- [DATASET CONTENT]
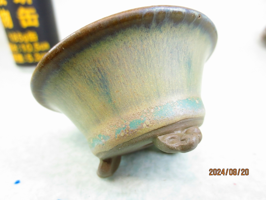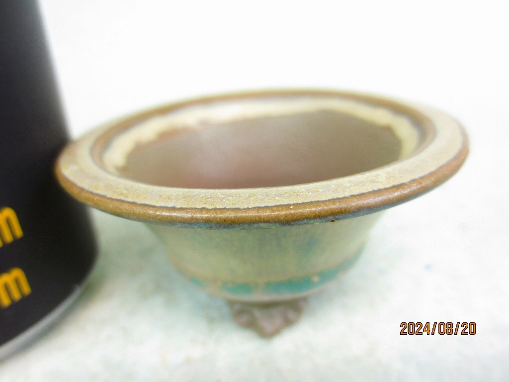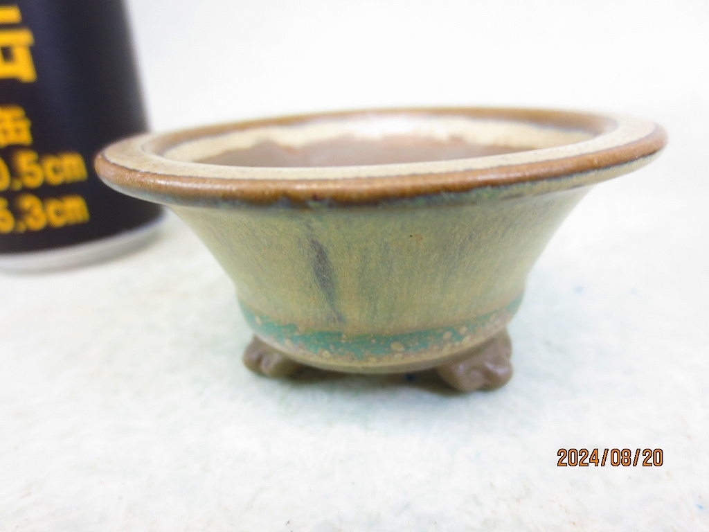 [緑の市場] 小品盆栽鉢 銘無し ヒワ釉丸鉢 7.0㎝ (L164)定形外郵便送料無料/ゆうパック発送有料*選択可※無料発送はポスト投函 定形外郵便発送選択は送料無料でポスト投函ですから配送日時指定はできません。補償なしです。(寸法や梱包資材、業務の都合で定形外郵便以外の発送方法を使用する場合がございます)ゆうパック選択は送料有料で配送指定でき補償あります。複数点追加できます。*盆栽と同梱包ご希望の際は送料不要ですが別途取引メッセージでお知らせください。 ヤフオクの取引においてメッセージは特に必要ありません。挨拶などを省略できる取引システムですし取引ナビの通知で進行状況が判るので都度の連絡(送金や受け取りのメッセージ)は不要です。特別な連絡事項があればお知らせください。双方合理的に進めましょう。また、お急ぎの方は入札をご遠慮ください。業務時間内での対応になります(土日祝休業)。 寸法は一緒に撮影しているスケールまたは比較物をご参照ください。 飲料缶は高さ約10㎝、直径約5㎝です。 500mlペットボトルは高さ約21㎝です。 *まとめて取引を手続きされた際は落札後に取引メッセージで発送方法をお知らせください。 僅かなカスレ傷がある前提でお求めください。 画像(撮影時)では小細部まで表現できないので完璧品をお求めの方は入札ご遠慮ください。 |
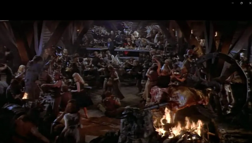 В фильмах изображается пир викингов, как безумная вакханалия. Фильм «Корабли викингов». 1963.
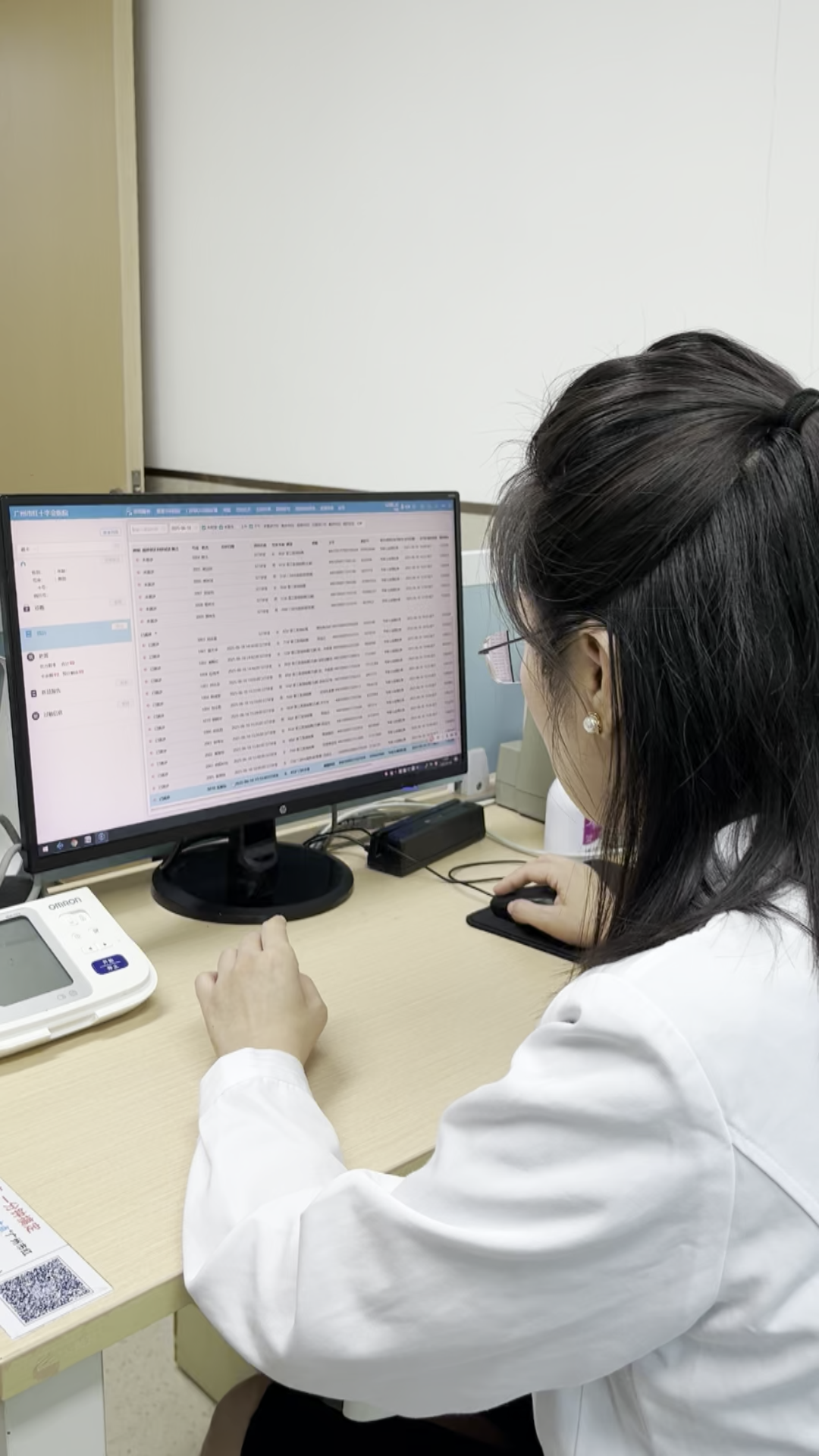 广州市红十字会医院心血管内科,医生为患者预约续诊号。
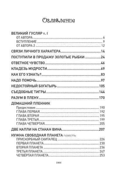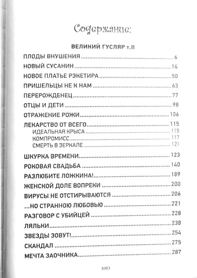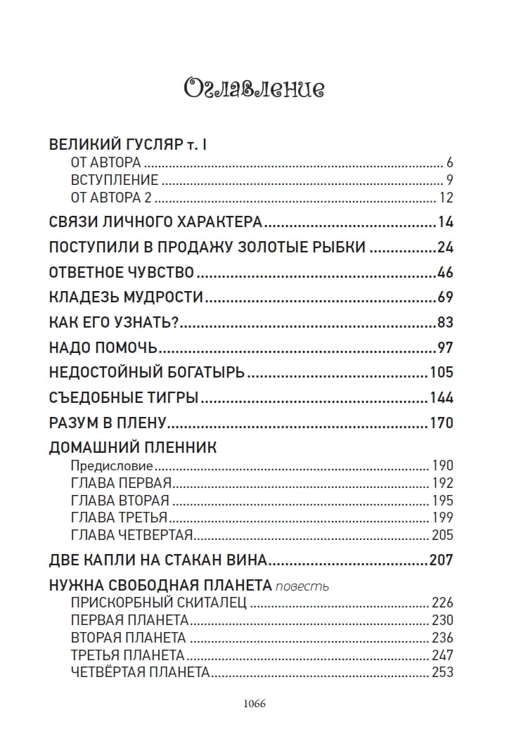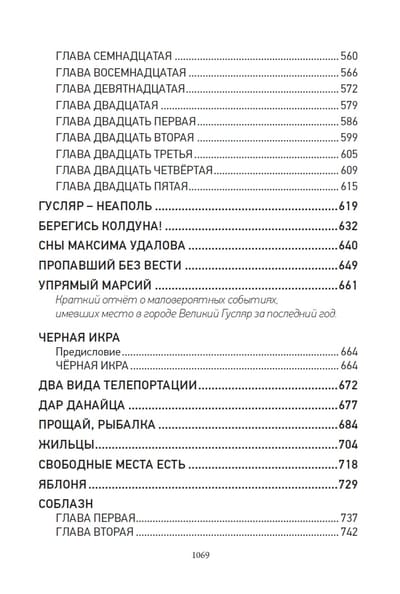 The first volume of the collected works about the Great Guslyar included sixty stories and three novellas by Bulychev. The second volume of works about the Great Guslyar included forty-two stories and four novellas by Bulychev.
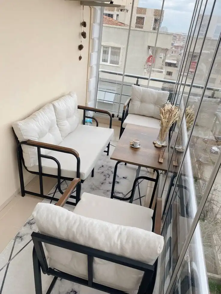 كراسي بلكونة طقم جلوس معدني مع لمسات خشبية وأريكة مريحة
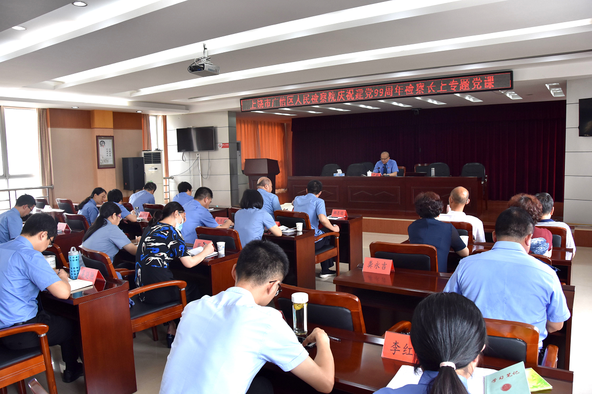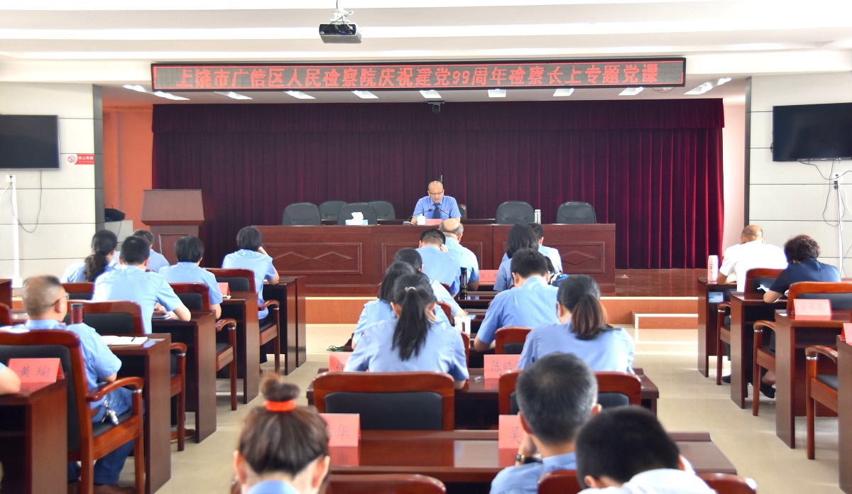 为常态化深入学习贯彻党的十九大以来各次全会精神,持续做好“不忘初心、牢记使命”主题教育的学习工作,进一步凝聚共识、激发检察干警干事创业热情,用习近平新时代中国特色社会主义思想武装头脑、指导实践、推动工作,以优异的成绩庆祝建党99周年。7月1日,广信区检察院党组书记、检察长严毅为全院干警上了一堂既生动又有内涵和深度的党课。全体党员干警到会听课。
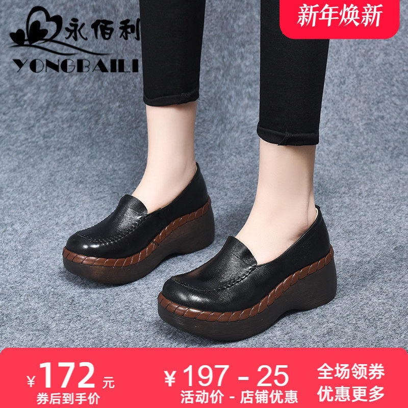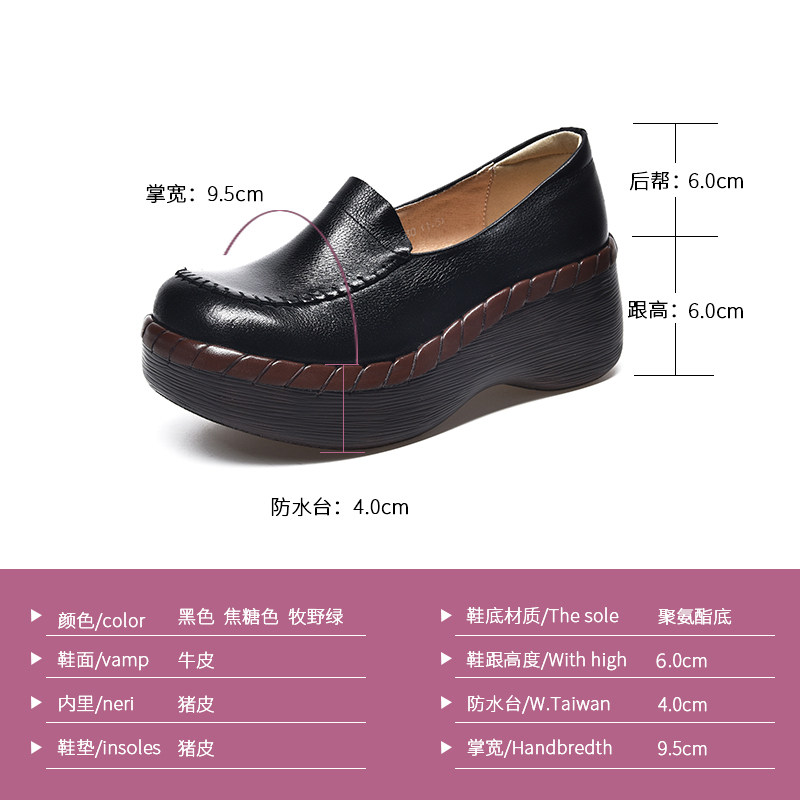 真皮圆头松糕底单鞋女2025春新款女鞋复古高跟百搭厚底英伦小皮鞋
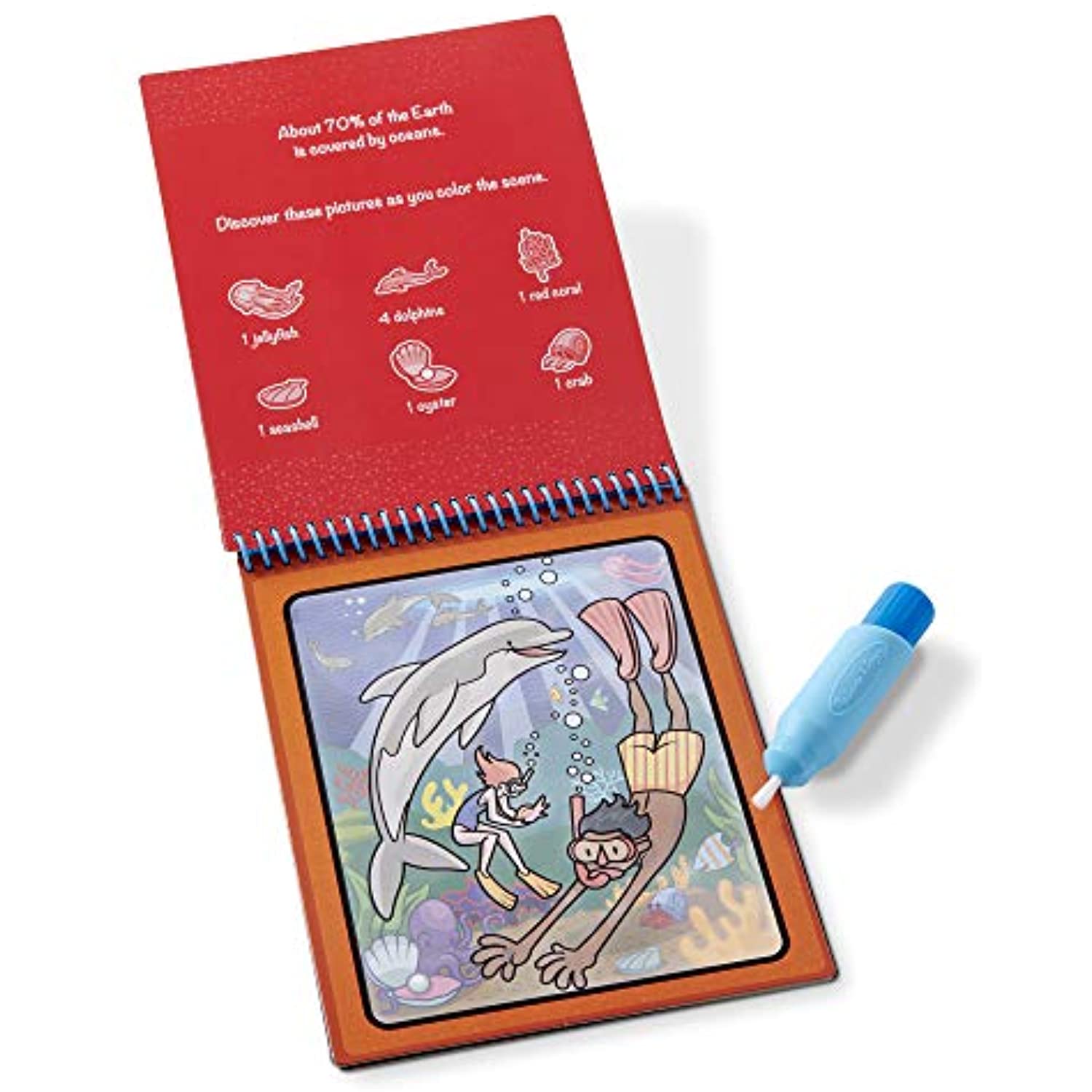 Experience no-mess painting-andd learning-forr kids on the go! these three exciting Melissa & Doug paint-with-water coloring books each include four reusable pages and a refillable no-leak water pen. Use the pen and watch details and vibrant color appear with every stroke! then, let the page dry to "erase" the pictures, and fill it in again and again. Explore dinosaurs, adventure scenes, and animals. Each spiral bound book includes four pages with search-and-find activities on each page. The chunky-sized water pen is easy for kids three and older to hold and stores neatly in the front cover, so water wow books make ideal travel activity books for kids!

- [TASK INSTRUCTIONS]
Each line from the first line of the data above through the one containing "真皮圆头松糕底单鞋女2025春新款女鞋复古高跟百搭厚底英伦小皮鞋" must be set down exactly; the pictures must not be.

- [ANSWER SECTION]
 [緑の市場] 小品盆栽鉢 銘無し ヒワ釉丸鉢 7.0㎝ (L164)定形外郵便送料無料/ゆうパック発送有料*選択可※無料発送はポスト投函 定形外郵便発送選択は送料無料でポスト投函ですから配送日時指定はできません。補償なしです。(寸法や梱包資材、業務の都合で定形外郵便以外の発送方法を使用する場合がございます)ゆうパック選択は送料有料で配送指定でき補償あります。複数点追加できます。*盆栽と同梱包ご希望の際は送料不要ですが別途取引メッセージでお知らせください。 ヤフオクの取引においてメッセージは特に必要ありません。挨拶などを省略できる取引システムですし取引ナビの通知で進行状況が判るので都度の連絡(送金や受け取りのメッセージ)は不要です。特別な連絡事項があればお知らせください。双方合理的に進めましょう。また、お急ぎの方は入札をご遠慮ください。業務時間内での対応になります(土日祝休業)。 寸法は一緒に撮影しているスケールまたは比較物をご参照ください。 飲料缶は高さ約10㎝、直径約5㎝です。 500mlペットボトルは高さ約21㎝です。 *まとめて取引を手続きされた際は落札後に取引メッセージで発送方法をお知らせください。 僅かなカスレ傷がある前提でお求めください。 画像(撮影時)では小細部まで表現できないので完璧品をお求めの方は入札ご遠慮ください。 |
 В фильмах изображается пир викингов, как безумная вакханалия. Фильм «Корабли викингов». 1963.
 广州市红十字会医院心血管内科,医生为患者预约续诊号。
 The first volume of the collected works about the Great Guslyar included sixty stories and three novellas by Bulychev. The second volume of works about the Great Guslyar included forty-two stories and four novellas by Bulychev.
 كراسي بلكونة طقم جلوس معدني مع لمسات خشبية وأريكة مريحة
 为常态化深入学习贯彻党的十九大以来各次全会精神,持续做好“不忘初心、牢记使命”主题教育的学习工作,进一步凝聚共识、激发检察干警干事创业热情,用习近平新时代中国特色社会主义思想武装头脑、指导实践、推动工作,以优异的成绩庆祝建党99周年。7月1日,广信区检察院党组书记、检察长严毅为全院干警上了一堂既生动又有内涵和深度的党课。全体党员干警到会听课。
 真皮圆头松糕底单鞋女2025春新款女鞋复古高跟百搭厚底英伦小皮鞋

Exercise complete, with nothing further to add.